■ **What you should do**
Leaving out the images, transcribe every record below exactly.

(Data extracted from a collection)
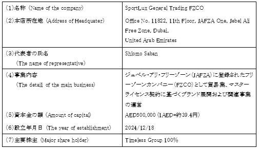 – 契約締結先: SportLux General Trading FZCO(アラブ首長国連邦・ドバイ JAFZA One, 11階, Office No.11822)
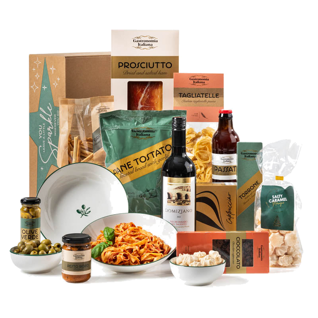 Waarom dit pakket kiezen? Het is een complete beleving in één doos: servies voor een feestelijke tafel, uitstekende producten voor een Italiaans diner en zorgvuldig geselecteerde zoetigheden en dranken voor het perfecte einde. Ideaal als kerstcadeau, relatiegeschenk of om samen van te genieten tijdens een intieme avond. Bestel nu en geef een smaakvol cadeau dat indruk maakt.
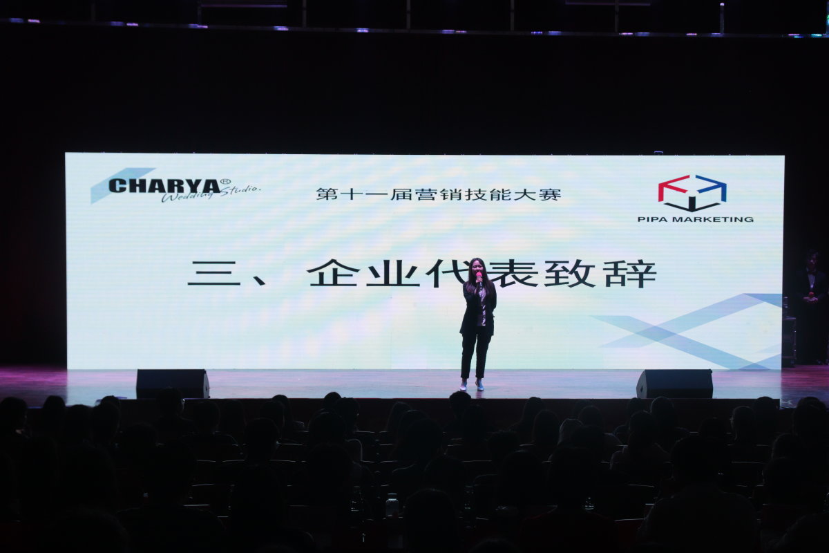 主持人开场后,经济贸易学院市场营销专业带头人彭娟教授上台为本次闭幕式致辞,她阐述了品派营销协会举办营销技能大赛的发展史,感谢到场的参赛队伍和观众以及肯定品派营销协会的实力并相信在今后大赛会越办越好。
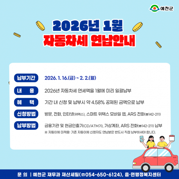 예천군은 ‘자동차세 연납 제도’를 오는 2월 2일까지 운영한다.
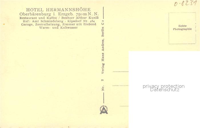 43349527 Oberbaerenburg Baerenburg Hotel Hermannshoehe postalisch nicht gelaufen Erhaltung siehe scans [FriedD77] KatCode: 11110014290010
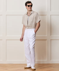 Textured Cropped Sea Soft Irish Linen Camp Collar Shirt
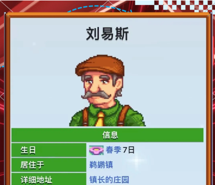 刘易斯的日常行程规律明显,便于玩家追踪。春季上午他常出现在自家庭院,下午则前往诊所或喷泉附近;夏季周三固定拜访玛妮牧场,周五晚间前往沙龙饮酒;冬季活动范围较小,主要在诊所和沙龙。建议优先在春季周二或周五下午拦截,他多在杂货店或喷泉旁。若需快速提升好感,可结合对话与生日送礼,避免因行程变动错过机会。
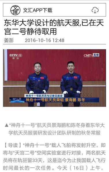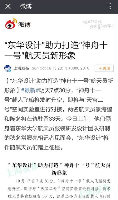 [上海发布]“东华设计”助力打造“神舟十一号”航天员新形象 (上海市政府新闻办公室官方微博)(2016年10月16日)
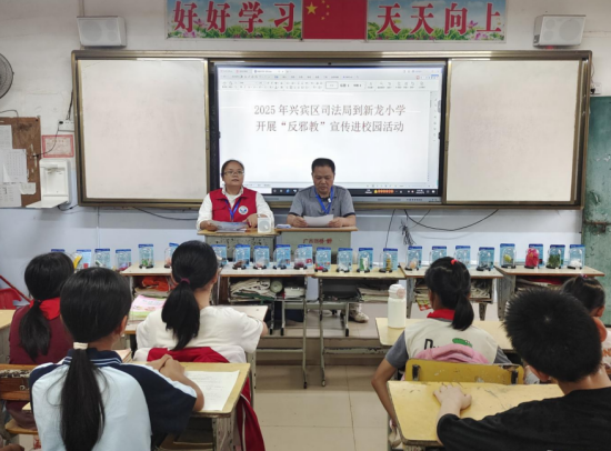 为增强青少年识别、抵制邪教的意识和能力,筑牢校园反邪教思想防线,近日,广西壮族自治区来宾市兴宾区司法局组织工作人员深入五山镇民族学校、小平阳镇中心小学、城厢镇新龙小学等学校,开展“反邪教宣传进校园”主题活动。

■ **Response to the task**
 – 契約締結先: SportLux General Trading FZCO(アラブ首長国連邦・ドバイ JAFZA One, 11階, Office No.11822)
 Waarom dit pakket kiezen? Het is een complete beleving in één doos: servies voor een feestelijke tafel, uitstekende producten voor een Italiaans diner en zorgvuldig geselecteerde zoetigheden en dranken voor het perfecte einde. Ideaal als kerstcadeau, relatiegeschenk of om samen van te genieten tijdens een intieme avond. Bestel nu en geef een smaakvol cadeau dat indruk maakt.
 主持人开场后,经济贸易学院市场营销专业带头人彭娟教授上台为本次闭幕式致辞,她阐述了品派营销协会举办营销技能大赛的发展史,感谢到场的参赛队伍和观众以及肯定品派营销协会的实力并相信在今后大赛会越办越好。
 예천군은 ‘자동차세 연납 제도’를 오는 2월 2일까지 운영한다.
 43349527 Oberbaerenburg Baerenburg Hotel Hermannshoehe postalisch nicht gelaufen Erhaltung siehe scans [FriedD77] KatCode: 11110014290010
 Textured Cropped Sea Soft Irish Linen Camp Collar Shirt
 刘易斯的日常行程规律明显,便于玩家追踪。春季上午他常出现在自家庭院,下午则前往诊所或喷泉附近;夏季周三固定拜访玛妮牧场,周五晚间前往沙龙饮酒;冬季活动范围较小,主要在诊所和沙龙。建议优先在春季周二或周五下午拦截,他多在杂货店或喷泉旁。若需快速提升好感,可结合对话与生日送礼,避免因行程变动错过机会。
 [上海发布]“东华设计”助力打造“神舟十一号”航天员新形象 (上海市政府新闻办公室官方微博)(2016年10月16日)
 为增强青少年识别、抵制邪教的意识和能力,筑牢校园反邪教思想防线,近日,广西壮族自治区来宾市兴宾区司法局组织工作人员深入五山镇民族学校、小平阳镇中心小学、城厢镇新龙小学等学校,开展“反邪教宣传进校园”主题活动。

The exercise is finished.